$a)$ Let $p$ be a prime such that $p \mid a-1.$ One may easily prove using LTE or Binomial Theorem that $a^{p^2} \equiv 1 \pmod {p^2}.$ $b)$ Assume $p$ is not a prime and let $q$ be its smallest prime divisor. From $a^p \equiv 1 \pmod p $ it follows that $\gcd(a,q)=1$ and $a^p \equiv 1 \pmod q.$ We also know, by Fermat, that $a^{q-1} \equiv 1 \pmod q$. So $a^{\gcd(p,q-1)} \equiv 1 \pmod q.$ But $\gcd(p,q-1)=1$ (assuming the contrary we would get that $p$ has a prime divisor smaller than $q$, which is a contradiction), so $a \equiv 1 \pmod q$. Therefore $a^q \equiv 1 \pmod q,$ which contradicts the minimality of $p,$ so $p$ must be a prime.

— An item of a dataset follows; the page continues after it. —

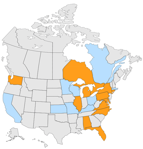 Connecticut Georgia Florida Illinois Maryland *New York Michigan North Carolina Pennsylvania Virginia Washington

$c)$ Assume there exists at least such a number and let $p$ be the smallest number with this property. According to $b),$ (Note

) this number must be a prime so, by Fermat, $2^p \equiv 2 \pmod p.$ Thus $1 \equiv 2 \pmod p,$ which is impossible. Therefore there does not exist such an $n.$